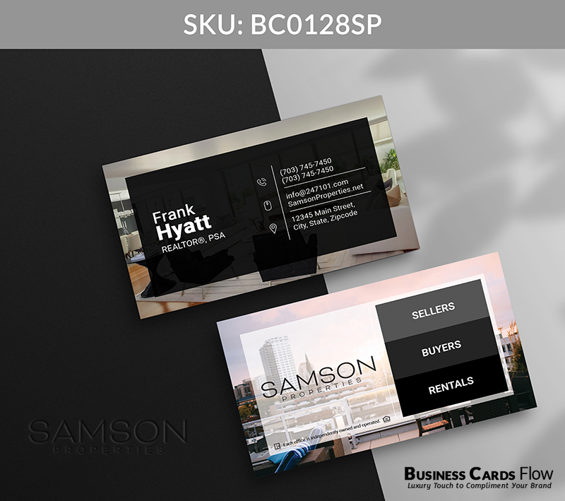 Designed to elevate your presence from first impression to final handshake, these striking cards blend visual charm with professional precision. The interplay of modern color and strategic layout supports the elevated, trust-driven image expected of Samson Properties agents — while your personal quote deepens emotional resonance and client connection.
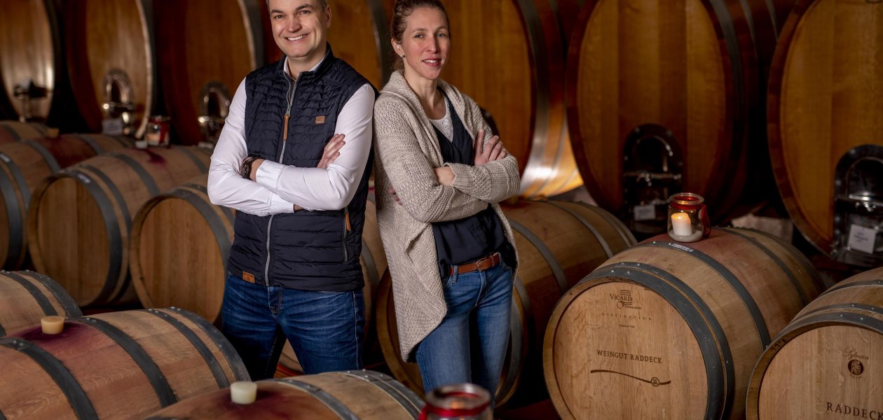 Wir, Anna und Stefan Raddeck, lieben Wein und diese Leidenschaft möchten wir mit Ihnen teilen. Seit 2003 arbeiten wir kontrolliert ökologisch, um die hervorragende Qualität unserer Weine auch für zukünftige Generationen zu bewahren. Ertragsreduzierungen, lange Maischestandzeiten und teilweise Spontanvergärungen machen unsere Weine authentisch und komplex. Dies gilt besonders für unsere Rieslinge aus den bekannten Lagen Schloss Schwabsburg, Heiligenbaum, Pettenthal und Orbel aus dem Roten Hang.
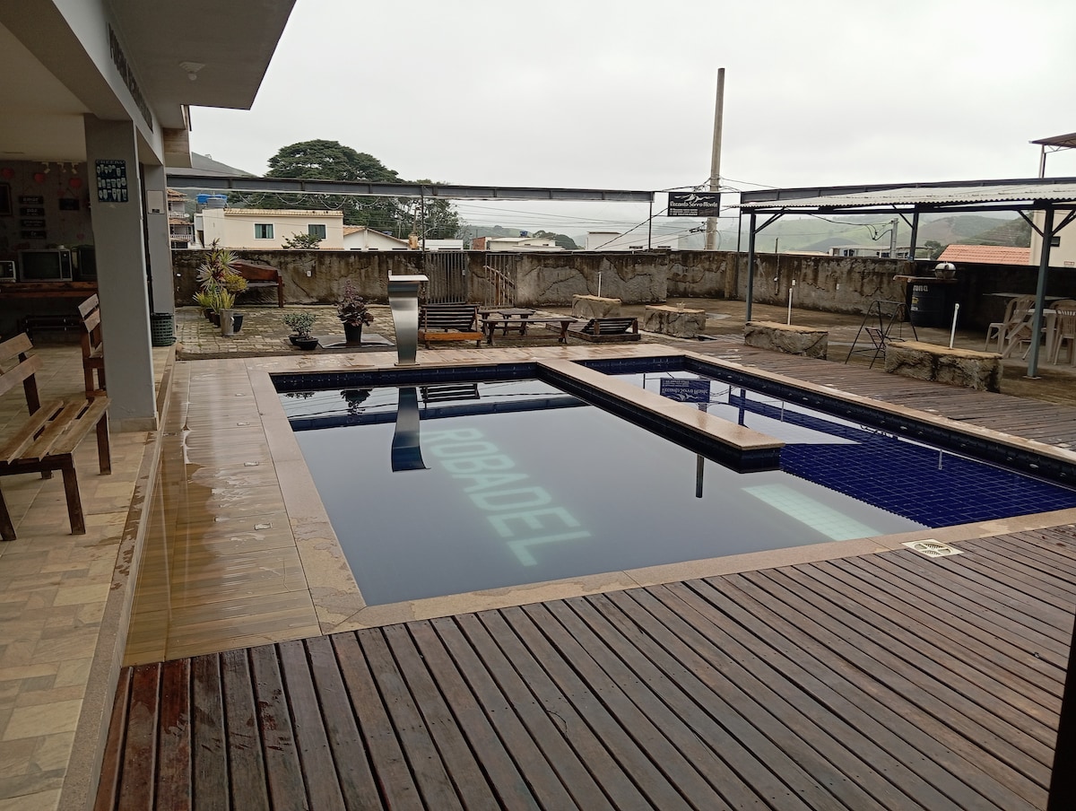 Relax with the whole family at this peaceful place to stay, in the heart of the city of Alto Caparaó, in the Serra Monte neighborhood. The internal structure has a double box bed plus a sofa bed or double mattress, a luxurious bathroom with gas heating, and a full kitchen. The outdoor area has a bathroom with a shower, a shower, a pergola with a hammock, a 400m2 outdoor area, an exclusive walled enclosure, a parking space, and we accept pets. We do not allow sound to be turned on because we prioritize the sound of nature and birds… No parties allowed…
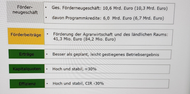 Zur Risikovorsorge erhöhte die Rentenbank die Zuführung zu den Vorsorgereserven auf 177,6 Mio. Euro (144,1, Mio. Euro). Der Jahresüberschuss reduzierte sich entsprechend von 63,0 Mio. Euro auf 32,5 Mio. Euro. Der von der Rentenbank ebenfalls vollständig für Förderzwecke eingesetzte Bilanzgewinn blieb hiervon unberührt. Er lag nach Dotierung der Hauptrücklage in Höhe von 16,2 Mio. Euro (47,2 Mio. Euro) mit 16,3 Mio. Euro wie geplant leicht über dem Vorjahreswert (15,8 Mio. Euro).
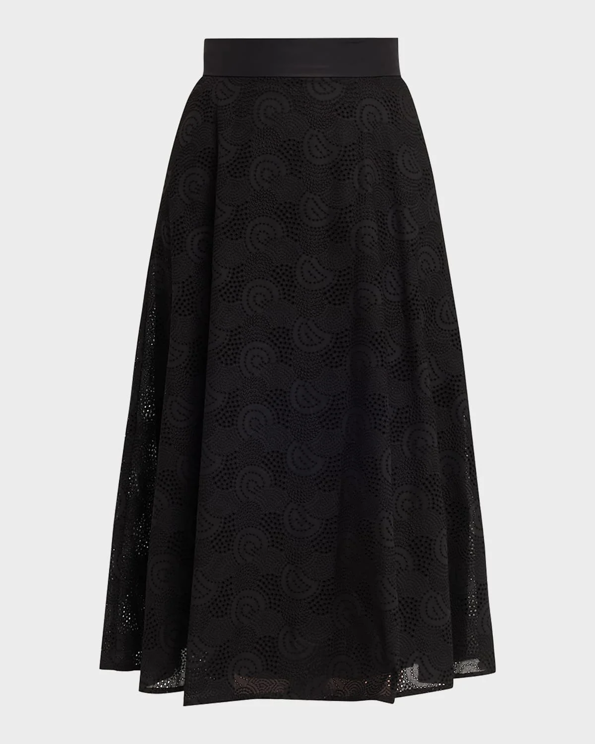 This skirt from Akris is crafted from cotton orbit broderie anglaise with an A-line silhouette High waist A-line silhouette Hem falls below the knee Invisible back zip Cotton/viscose Lining: Viscose/elastane Dry clean Made in Romania SIZE & FITModel measurements: 5 & apos;10" tallModel is wearing a US size 4/Small
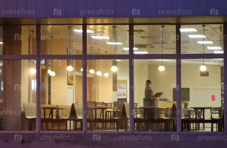 Девушка в освещенном окне круглосуточного кафе
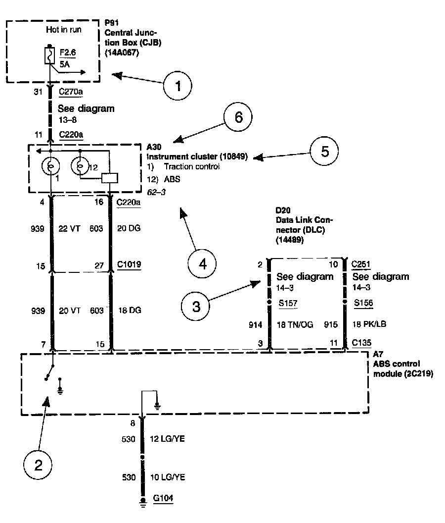 Each set of diagrams normally starts with the component that powers the circuit such as a fuse or the ignition switch. Current flow is shown from the power source at the top of the diagram to ground at the bottom of the diagram. In order to concentrate on the essential parts, power supply and ground connections are sometimes simplified by a dashed line in the diagrams. A full representation of the power supply of a fuse or the power distribution from a fuse to various components is given in the Power and Ground Distribution Diagrams. Full representation of the ground connections are shown in the Power and Ground Distribution Diagrams.
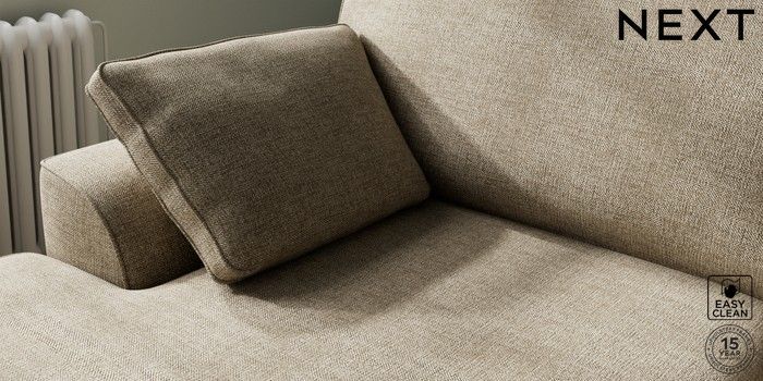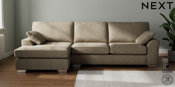 7.3.1 Buy Stamford Large Sofa Chaise - Left Hand Woven Chenille Easy Clean Mid Natural Large Square Angle - Chrome Metal from the Next UK online shop Click here to use our accessible website
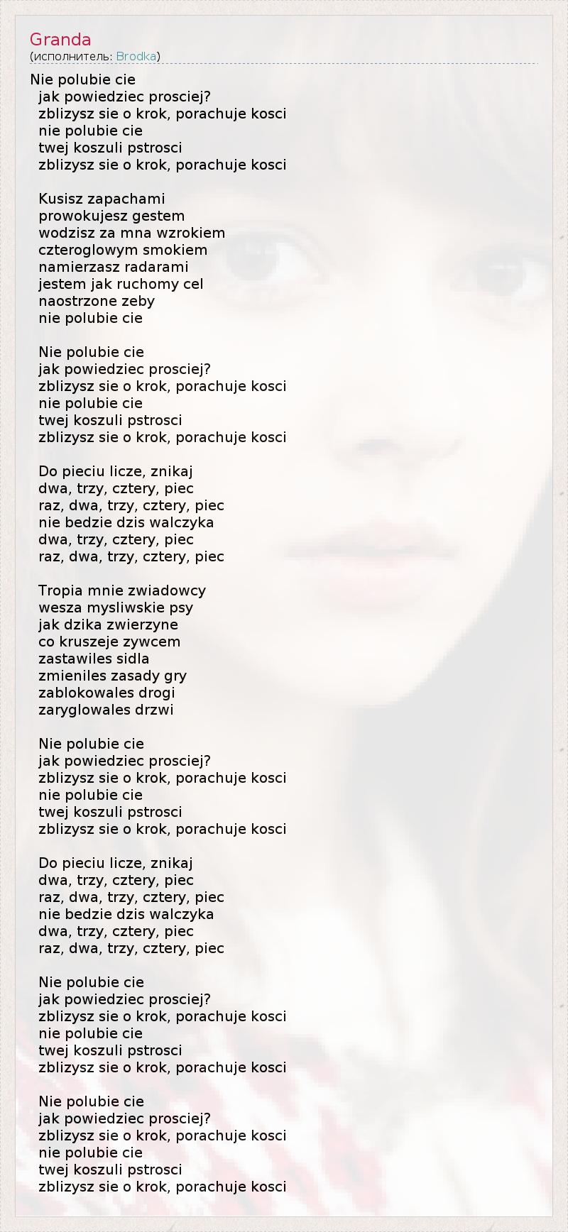 Nie polubie cie jak powiedziec prosciej? zblizysz sie o krok, porachuje kosci nie polubie cie twej koszuli pstrosci zblizysz sie o krok, porachuje kosci Kusisz zapachami prowokujesz gestem wodzisz za mna wzrokiem czteroglowym smokiem namierzasz radarami jestem jak ruchomy cel naostrzone zeby nie polubie cie Nie polubie cie jak powiedziec prosciej? zblizysz sie o krok, porachuje kosci nie polubie cie twej koszuli pstrosci zblizysz sie o krok, porachuje kosci Do pieciu licze, znikaj dwa, trzy, cztery, piec raz, dwa, trzy, cztery, piec nie bedzie dzis walczyka dwa, trzy, cztery, piec raz, dwa, trzy, cztery, piec Tropia mnie zwiadowcy wesza mysliwskie psy jak dzika zwierzyne co kruszeje zywcem zastawiles sidla zmieniles zasady gry zablokowales drogi zaryglowales drzwi Nie polubie cie jak powiedziec prosciej? zblizysz sie o krok, porachuje kosci nie polubie cie twej koszuli pstrosci zblizysz sie o krok, porachuje kosci Do pieciu licze, znikaj dwa, trzy, cztery, piec raz, dwa, trzy, cztery, piec nie bedzie dzis walczyka dwa, trzy, cztery, piec raz, dwa, trzy, cztery, piec Nie polubie cie jak powiedziec prosciej? zblizysz sie o krok, porachuje kosci nie polubie cie twej koszuli pstrosci zblizysz sie o krok, porachuje kosci Nie polubie cie jak powiedziec prosciej? zblizysz sie o krok, porachuje kosci nie polubie cie twej koszuli pstrosci zblizysz sie o krok, porachuje kosci

※ ※ ※

### What is being asked
Restate the listing above word for word. Leave the images out.

### The answer
 Designed to elevate your presence from first impression to final handshake, these striking cards blend visual charm with professional precision. The interplay of modern color and strategic layout supports the elevated, trust-driven image expected of Samson Properties agents — while your personal quote deepens emotional resonance and client connection.
 Wir, Anna und Stefan Raddeck, lieben Wein und diese Leidenschaft möchten wir mit Ihnen teilen. Seit 2003 arbeiten wir kontrolliert ökologisch, um die hervorragende Qualität unserer Weine auch für zukünftige Generationen zu bewahren. Ertragsreduzierungen, lange Maischestandzeiten und teilweise Spontanvergärungen machen unsere Weine authentisch und komplex. Dies gilt besonders für unsere Rieslinge aus den bekannten Lagen Schloss Schwabsburg, Heiligenbaum, Pettenthal und Orbel aus dem Roten Hang.
 Relax with the whole family at this peaceful place to stay, in the heart of the city of Alto Caparaó, in the Serra Monte neighborhood. The internal structure has a double box bed plus a sofa bed or double mattress, a luxurious bathroom with gas heating, and a full kitchen. The outdoor area has a bathroom with a shower, a shower, a pergola with a hammock, a 400m2 outdoor area, an exclusive walled enclosure, a parking space, and we accept pets. We do not allow sound to be turned on because we prioritize the sound of nature and birds… No parties allowed…
 Zur Risikovorsorge erhöhte die Rentenbank die Zuführung zu den Vorsorgereserven auf 177,6 Mio. Euro (144,1, Mio. Euro). Der Jahresüberschuss reduzierte sich entsprechend von 63,0 Mio. Euro auf 32,5 Mio. Euro. Der von der Rentenbank ebenfalls vollständig für Förderzwecke eingesetzte Bilanzgewinn blieb hiervon unberührt. Er lag nach Dotierung der Hauptrücklage in Höhe von 16,2 Mio. Euro (47,2 Mio. Euro) mit 16,3 Mio. Euro wie geplant leicht über dem Vorjahreswert (15,8 Mio. Euro).
 This skirt from Akris is crafted from cotton orbit broderie anglaise with an A-line silhouette High waist A-line silhouette Hem falls below the knee Invisible back zip Cotton/viscose Lining: Viscose/elastane Dry clean Made in Romania SIZE & FITModel measurements: 5 & apos;10" tallModel is wearing a US size 4/Small
 Девушка в освещенном окне круглосуточного кафе
 Each set of diagrams normally starts with the component that powers the circuit such as a fuse or the ignition switch. Current flow is shown from the power source at the top of the diagram to ground at the bottom of the diagram. In order to concentrate on the essential parts, power supply and ground connections are sometimes simplified by a dashed line in the diagrams. A full representation of the power supply of a fuse or the power distribution from a fuse to various components is given in the Power and Ground Distribution Diagrams. Full representation of the ground connections are shown in the Power and Ground Distribution Diagrams.
 7.3.1 Buy Stamford Large Sofa Chaise - Left Hand Woven Chenille Easy Clean Mid Natural Large Square Angle - Chrome Metal from the Next UK online shop Click here to use our accessible website
 Nie polubie cie jak powiedziec prosciej? zblizysz sie o krok, porachuje kosci nie polubie cie twej koszuli pstrosci zblizysz sie o krok, porachuje kosci Kusisz zapachami prowokujesz gestem wodzisz za mna wzrokiem czteroglowym smokiem namierzasz radarami jestem jak ruchomy cel naostrzone zeby nie polubie cie Nie polubie cie jak powiedziec prosciej? zblizysz sie o krok, porachuje kosci nie polubie cie twej koszuli pstrosci zblizysz sie o krok, porachuje kosci Do pieciu licze, znikaj dwa, trzy, cztery, piec raz, dwa, trzy, cztery, piec nie bedzie dzis walczyka dwa, trzy, cztery, piec raz, dwa, trzy, cztery, piec Tropia mnie zwiadowcy wesza mysliwskie psy jak dzika zwierzyne co kruszeje zywcem zastawiles sidla zmieniles zasady gry zablokowales drogi zaryglowales drzwi Nie polubie cie jak powiedziec prosciej? zblizysz sie o krok, porachuje kosci nie polubie cie twej koszuli pstrosci zblizysz sie o krok, porachuje kosci Do pieciu licze, znikaj dwa, trzy, cztery, piec raz, dwa, trzy, cztery, piec nie bedzie dzis walczyka dwa, trzy, cztery, piec raz, dwa, trzy, cztery, piec Nie polubie cie jak powiedziec prosciej? zblizysz sie o krok, porachuje kosci nie polubie cie twej koszuli pstrosci zblizysz sie o krok, porachuje kosci Nie polubie cie jak powiedziec prosciej? zblizysz sie o krok, porachuje kosci nie polubie cie twej koszuli pstrosci zblizysz sie o krok, porachuje kosci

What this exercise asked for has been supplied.